This was carried out as described previously [7]. Briefly, total RNA from rat colonic mucosal cells was reverse transcribed with Slfn-3 sequence specific oligos, 5’-TGGTAGAGCGCTTGCCTAGT-3’, and the Slfn-3 cDNA was amplified using primers designed against the date base sequence of coding region (NM_053687): forward primer, 5’-CTCAAGCTTGGATTTCATCTGGGAAGCAG-3’, reverse primer, 5’-GTGGATCCCTAGGCTCTGGGTTCAGTCCCC-3’. Briefly, 1 µg of purified RNA was reverse transcribed in the presence of 2.5 mM MgCl2, 1× RT-PCR buffer [1 mM dNTPs, 10 mM dithiothreitol, 10 units RNase inhibitor, 1.25 µM Schlafen-3] sequence specific oligo and 15 units Multiscribe Reverse Transcriptase in a final reaction volume of 20 µl. The components were mixed, briefly spun down and incubated at 25°C for 10 min for hybridization. Reactions were carried out at 42°C for 30 minutes in a Gene Amp PCR system 9600 (Perkin-Elmer), and then by cooling to 4°C. The RT reactions were subjected to polymerase chain reaction (PCR) amplification. Five microliter of cDNA products was amplified with 25 µl of PfuUltra hotstart 2× PCR Master Mix (Stratagene, La Jalla, CA), 0.3 µM of upstream and downstream primers in 50 µl reaction volume. Reactions were carried out in the Gene Amp PCR system 9600, first hold for 2 minutes at 95°C for activated PfuUltra Hotstart DNA Polymerase, followed by 40 cycles at 95°C for 30 seconds, 62°C for 60 seconds, 72°C for 2 minutes, and final extension at 72°C for 10 min. The PCR products were separated by electrophoresis in a 1% agarose gel and visualized by ethidium bromide staining. The 1816 bp of target DNA fragments were recovered, digested and cloned into HindIII and BamH I sites of plasmid, pEGFP-N1, (Clontech, CA) to generate Slfn3-GFP protein. The constructs were sequenced and confirmed to contain Rattus norvegicus Schlafen-3.

Growth inhibition assay

Changes in cell growth were analyzed by 3-(4, 5-dimethylthiazol-2yl)-2, 5-diphenyltetrazolium bromide (MTT) assay as described previously [18]. The intensity of the color developed, which is the reflection of number of live cells, was measured at a wavelength of 570 nm. All values were compared to the corresponding controls.
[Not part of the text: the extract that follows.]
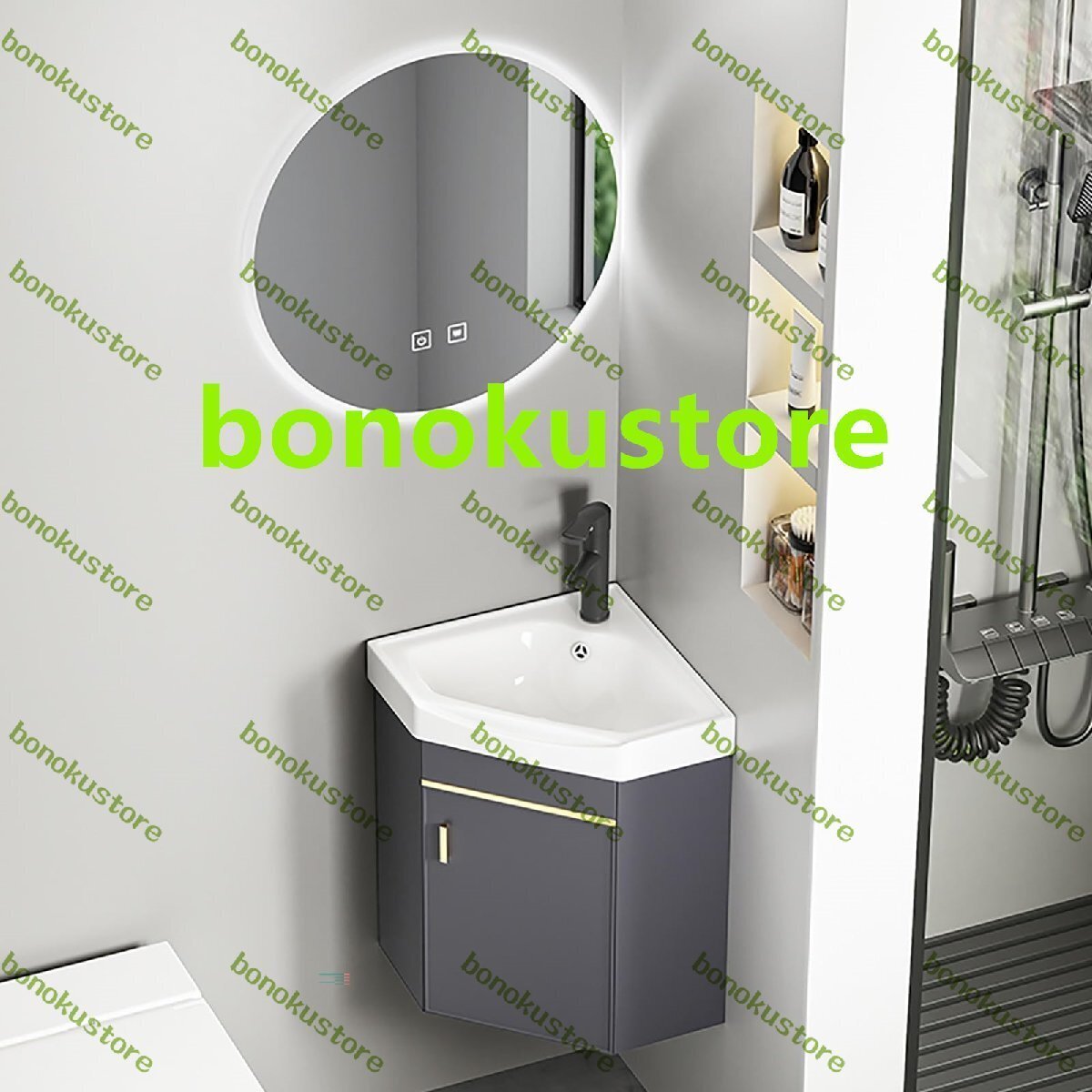 - 洗面化粧台 シンクと LED ミラーキャビネット付き コーナーバスルームキャビネット セラミックシンク付き 収納コンテナ付き 38*38cm

All assays were performed with 6 replicates.

Western-blot analysis

Western blot analysis was performed essentially according to our standard protocol [18]. Briefly, the cells were solubilized in lysis buffer [50 mM Tris; 100 mM NaCl; 2.5 mM EDTA; 1% Triton X-100; 1% Nonidet P-40; 2.5 mM Na3VO4; 25 µg/ml aprotinin; 25 µg/ml leupeptin; 25 µg/ml pepstatin A; and 1 mM phenylmethylsulfonyl fluoride (PMSF)]). Following clarification at 10,000 × g for 15 min, the supernatant was used for Western-blot analysis. In all analyses, protein concentration, determined by the Bio-Rad Protein Assay kit (Bio-Rad, Hercules, CA), was standardized among the samples. Aliquots of cell lysates containing 50 µg of protein were separated by sodium dodecyl sulfate-polyacrylamide gel electrophoresis (SDS-PAGE). Following electrophoresis, proteins were transferred electrophoretically onto supported nitrocellulose membranes (Osmonics, Gloucester, MA). Membranes were incubated for 1 h at room temperature with blocking buffer, TBS-T (20 mM Tris, pH 7.6, 100 nM NaCl, 0.1% Tween-20) and 5 % nonfat dry milk with gentle agitation. After washing the membranes with TBS-T, they were incubated overnight at 4°C in TBS-T buffer containing 5% milk and with one of the primary antibodies (1:1000 dilution. The membranes were washed 3 times with TBS-T, and subsequently incubated with appropriate secondary antibodies (1:5000 dilutions) in TBS-T containing 5% milk for 2 hours at room temperature with gentle agitation. The membranes were washed again with TBS-T, and the protein bands were visualized by enhanced chemiluminescence (ECL) detection system (Amersham). The membranes containing the electrophoresed proteins were exposed to X-Omat film. The membranes were then stripped (2 × for 15 min at 55 °C) in stripping buffer containing 100 mM 2-mercaptoethanol, 2% SDS and 62.5 mM Tris-HCl pH6.7, and reprobed with β-actin as loading control. All Western blots were performed at least three times for each experiment. Densitometric measurements of the scanned bands were performed using the digitized scientific software program UN-SCNAT. Data were normalized to β-actin.

Statistical Analysis

Unless otherwise stated, data were expressed as mean ± SD. Where applicable, the results were compared by using the unpaired, two-tailed Student t-test, as implemented by Excel 2000 (Microsoft Corp., Redmond, WA). P values <0.05 were considered statistically significant.

Results

The primary objective of the current investigation was to determine whether Slfn-3 plays a role in regulating intestinal differentiation. The first set of experiments was designed to examine the causal relationship between Slfn-3 expression and differentiation. To accomplish this goal we used butyric acid, a short chain fatty acid produced as a result of degradation of dietary fiber by colonic microbes, which has been shown to inhibit cell proliferation but induces differentiation of the intestinal mucosal cells [19; 20]. The latter is evident by increased expression and activity of the brush border enzyme, alkaline phosphatase (ALP).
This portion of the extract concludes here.